Ich kann euch nur sagen, es ist alles vorbereitet. Doch ich bin nicht euer Lehrmeister. Schauen wir doch, welche Lehre er für euch hat, die wir so eitel sind. Auf, macht euch auf! Fort nach Bethlehem, dort ist unser Lehrmeister, dort wollen wir über unsere Schwäche erröten, wenn wir die Verachtung sehen, mit welcher der Gottmensch alle unsere Lieblingsgegenstände von sich stößt. Und noch einmal sage ich euch: Fort, fort nach Bethlehem, dort ist unser Lehrmeister, dort wollen wir über unsere Schwäche erröten, wenn wir die Verachtung sehen, mit welcher der Gottmensch alle unsere Lieblingsgegenstände von sich stößt.
Welch eine Lehre liegt dort für euch, ihr Großen der Erde.
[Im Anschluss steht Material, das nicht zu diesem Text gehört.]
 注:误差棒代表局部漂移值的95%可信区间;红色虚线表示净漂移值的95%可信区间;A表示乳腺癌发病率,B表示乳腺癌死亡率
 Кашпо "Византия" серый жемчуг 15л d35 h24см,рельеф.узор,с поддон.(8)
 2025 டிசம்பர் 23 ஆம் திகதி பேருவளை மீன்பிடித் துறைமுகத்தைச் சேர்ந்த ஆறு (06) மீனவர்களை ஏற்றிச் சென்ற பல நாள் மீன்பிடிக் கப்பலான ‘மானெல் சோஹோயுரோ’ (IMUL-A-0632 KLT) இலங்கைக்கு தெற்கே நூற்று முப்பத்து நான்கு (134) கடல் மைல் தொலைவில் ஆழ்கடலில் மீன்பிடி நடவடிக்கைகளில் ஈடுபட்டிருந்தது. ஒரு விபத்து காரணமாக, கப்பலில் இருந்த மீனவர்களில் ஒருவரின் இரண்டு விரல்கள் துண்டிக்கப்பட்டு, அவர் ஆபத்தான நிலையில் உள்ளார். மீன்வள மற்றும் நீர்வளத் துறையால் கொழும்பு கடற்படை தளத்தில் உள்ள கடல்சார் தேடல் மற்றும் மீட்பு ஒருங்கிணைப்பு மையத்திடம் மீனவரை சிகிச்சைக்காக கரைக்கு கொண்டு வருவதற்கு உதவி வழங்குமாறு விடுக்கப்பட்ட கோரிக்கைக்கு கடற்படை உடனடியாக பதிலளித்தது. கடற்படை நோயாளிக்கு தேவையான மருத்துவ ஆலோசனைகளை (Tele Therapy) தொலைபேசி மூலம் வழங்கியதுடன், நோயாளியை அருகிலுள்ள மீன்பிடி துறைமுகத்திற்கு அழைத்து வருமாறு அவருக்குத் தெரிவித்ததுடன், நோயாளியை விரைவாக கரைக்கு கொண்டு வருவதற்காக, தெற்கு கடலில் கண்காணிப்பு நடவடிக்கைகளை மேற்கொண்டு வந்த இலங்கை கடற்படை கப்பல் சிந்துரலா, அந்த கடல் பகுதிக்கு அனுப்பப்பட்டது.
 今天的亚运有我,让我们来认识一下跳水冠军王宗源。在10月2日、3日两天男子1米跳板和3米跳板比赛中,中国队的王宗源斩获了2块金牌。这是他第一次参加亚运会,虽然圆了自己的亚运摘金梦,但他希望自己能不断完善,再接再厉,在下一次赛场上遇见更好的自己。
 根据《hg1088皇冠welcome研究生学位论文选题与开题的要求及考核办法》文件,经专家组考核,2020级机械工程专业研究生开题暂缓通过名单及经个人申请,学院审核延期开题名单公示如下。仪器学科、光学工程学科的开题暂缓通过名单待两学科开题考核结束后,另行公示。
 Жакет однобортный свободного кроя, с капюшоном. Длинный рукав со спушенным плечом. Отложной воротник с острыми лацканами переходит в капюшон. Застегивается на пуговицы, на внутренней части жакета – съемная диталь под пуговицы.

Gewiss, ihr seid groß in unseren Augen, aber bedenkt ihr wohl, was ihr in den Augen Gottes seid? Weniger als ein armer Hirte, wenn er besser ist, als ihr. Wir bezeugen euch Ehrfurcht, weil die Vorsehung euch über uns gestellt hat; aber hütet euch wohl vor Verblendung, opfert alle Huldigungen, die euch zukommen, Gott oder er wird euch tief demütigen. Wollet ihr etwas vor seinen Augen sein, so seht nach Bethlehem, dort ist auch euer Lehrmeister, machet auch euch dort würdiger, und wir werden nach den Geboten Gottes und dem Drange unseres Herzens euch gern untertänig sein!
Ihr seid noch da? Erwartet ihr, dass ich etwas anderes sage?, dass ich es doch leichter mache? Ihr sucht immer Lehrmeister, die es euch leichter machen! Ihr werdet sie finden, doch so nicht den Frieden, den wir suchen. Ich bin nicht euer Lehrmeister.
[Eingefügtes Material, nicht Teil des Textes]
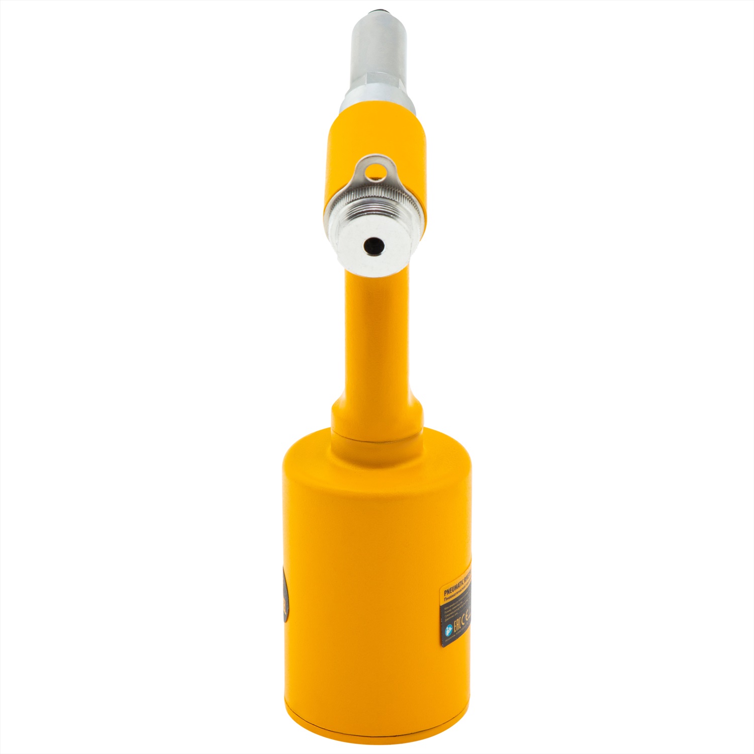 Пневматический заклепочник Denzel PR4 57479 значительно упрощает работу в автосервисах, домашних мастерских, на малых предприятиях и на ремонтных площадках. С его помощью можно без усилий скрепить листовой, профильный и панельный материал из пластика и металла.,Пистолет для вытяжных заклепок работает под давлением 6,3 АТМ и расходует всего 85 литров воздуха в минуту, поэтому для него подойдет компрессор средней мощности. В качестве оснастки используются заклепки размером 2,4-4,8 мм. В комплект поставки входит 4 насадки под заклепки размерами 2,4 мм, 3,2 мм, 4 мм и 4,8 мм.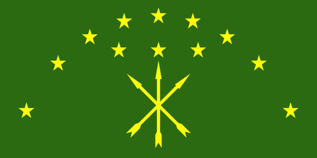 Три флага, флаг Украины с гербом, гербы Рюриковичей, флаг Черкесами и флаг адыгов Кайтукина 16 века, наверху герб в виде трезубца с затупленными концами.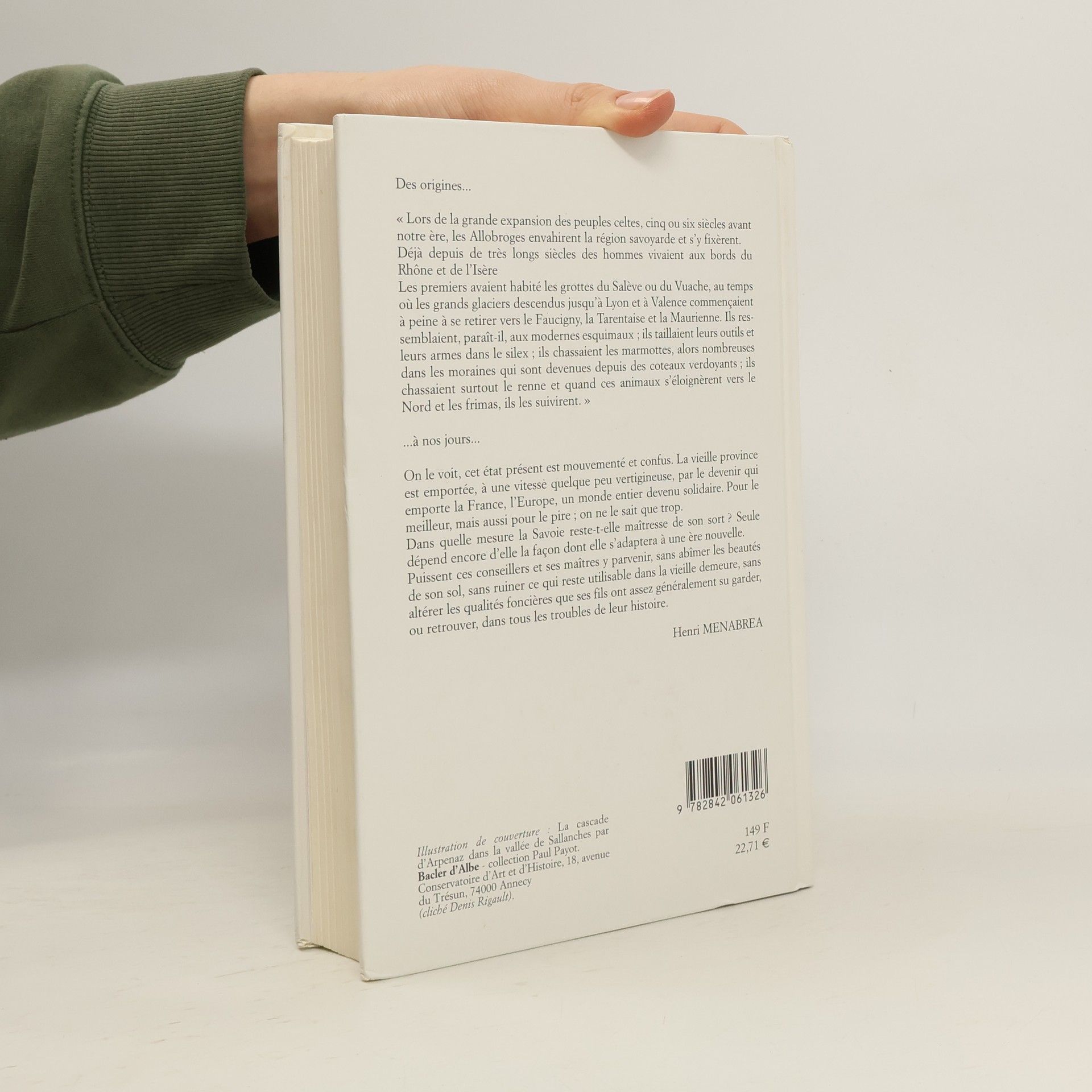Des origines... " Lors de la grande expansion des peuples celtes, cinq ou six siècles avant notre ère, les Allobroges envahirent la région savoyarde et s'y fixèrent. Déjà depuis de très longs siècles des hommes vivaient aux bords du Rhône et de l'Isère Les premiers avaient habité les grottes du Salève ou du Vuache, au temps où les grands glaciers descendus jusqu'à Lyon et à Valence commençaient à peine à se retirer vers le Faucigny, la Tarentaise et la Maurienne. Ils ressemblaient, paraît-il, aux modernes esquimaux ; ils taillaient leurs outils et leurs armes dans le silex ; ils chassaient les marmottes, alors nombreuses dans les moraines qui sont devenues depuis des coteaux verdoyants ; ils chassaient surtout le renne et quand ces animaux s'éloignèrent vers le Nord et les frimas, ils les suivirent. " à nos jours... On le voit, cet état présent est mouvementé et confus. La vieille province est emportée, à une vitesse quelque peu vertigineuse, par le devenir qui emporte la France, l'Europe, un monde entier devenu solidaire. Pour le meilleur, mais aussi pour le pire ; on ne le sait que trop. Dans quelle mesure la Savoie reste-t-elle maîtresse de son sort ? Seule dépend encore d'elle la façon dont elle s'adaptera à une ère nouvelle. Puissent ces conseillers et ses maîtres y parvenir, sans abîmer les beautés de son sol, sans ruiner ce qui reste utilisable dans la vieille demeure, sans altérer les qualités foncières que ses fils ont assez généralement su garder, ou retrouver, dans tous les troubles de leur histoire.

Gehen wir also alle hin, meine Brüder! Dort werden wir aus seiner Wiege schon die hohe Weisheit hören, die er die Welt lehren will.
Dort in der Krippe predigt er uns schon: Glücklich sind die Armen, deren Sinn nicht durch Gier gefesselt ist, glücklich sind die Traurigen, die auf Gott vertrauen, glücklich die, welche von der Welt Verfolgung leiden und doch ihrem Gewissen treu bleiben!
Schon höre ich, wie er eines Tages sagen wird: Glücklich, die ihr gekommen seid um zu hören und zu sehen. Schon sehe ich, dass er der Tröster der Betrübten, der Beschützer der Waisen, der Vater aller Unglücklichen, der Gesandte Gottes, der versprochene Messias ist, der für die Erlösung und Beglückung der Welt auf Erden erscheinen sollte.
Alle Menschen können also von nun an glücklich werden, und Gott hat alles aufgeboten, sie glücklich zu machen.
Ihr könnet glücklich und wahrhaft glücklich werden, ihr Reichen, ihr Großen, ihr Mächtigen der Erde, wenn ihr eure Reichtümer so genießt, als seien sie nicht die eurigen, wenn ihr euere Macht so nutzt als sei sie von dem, der da liegt in Bethlehem. Ihr könnet glücklich werden, ihr Armen und Verlassenen, ihr seid die Lieblingskinder des Himmels, euch ganz besonders wollte unser Gott und Erlöser ähnlich werden.
Ihr alle könnet glücklich werden, sie alle können glücklich werden, die wir mit Liebe umfassen, alle Menschen bis an die äußersten Grenzen der Erde und bis zum Ende der Zeiten!
Wenn ihr euch nur aufmacht und sehet, wie glücklich er uns machen will, dann könnt ihr mit aufrichtigem Herzen euch den himmlischen Heerscharen anschließen und voll Freuden singen: Ehre, Preis und Liebe dem Allerhöchsten, der ganz Liebe ist, Glück und Frieden allen Menschen, die eines guten Willens sind, die ihr Glück von ihrem Gott erwarten.
Amen.
Da ist der Text wie heute neu gehalten wurde.
Bischof Joseph Ludwig Colmar
Joseph Ludwig Colmar wurde am 22. Juni 1760 in Straßburg (Elsaß), geboren. Zum Priester wurde er dort im Jahre 1784 geweiht. Nach 1789 (Zeit der französischen Revolution) wurde er verfolgt; er musste sich verstecken; ein "Kopfgeld" war auf ihn ausgesetzt. Erst ab 1797 konnte er wieder als Priester tätig sein. Er hielt seine Predigten nun im Straßburger Münster (Dom) bis er am 3. Oktober 1802 zum Bischof von Mainz geweiht wurde. Die Revolutionskriege prägten seine Zeit. Er starb am 15.12.1818.
Die vorliegende Predigt ist ein kleiner Ausschnitt seiner Fortsetzungspredigt, die er in mehreren Gottesdiensten zu Weihnachten 1802 im Mainzer Dom hielt.
Er hatte die Predigt bereits Weihnachten 1801 im Straßburger Dom gehalten.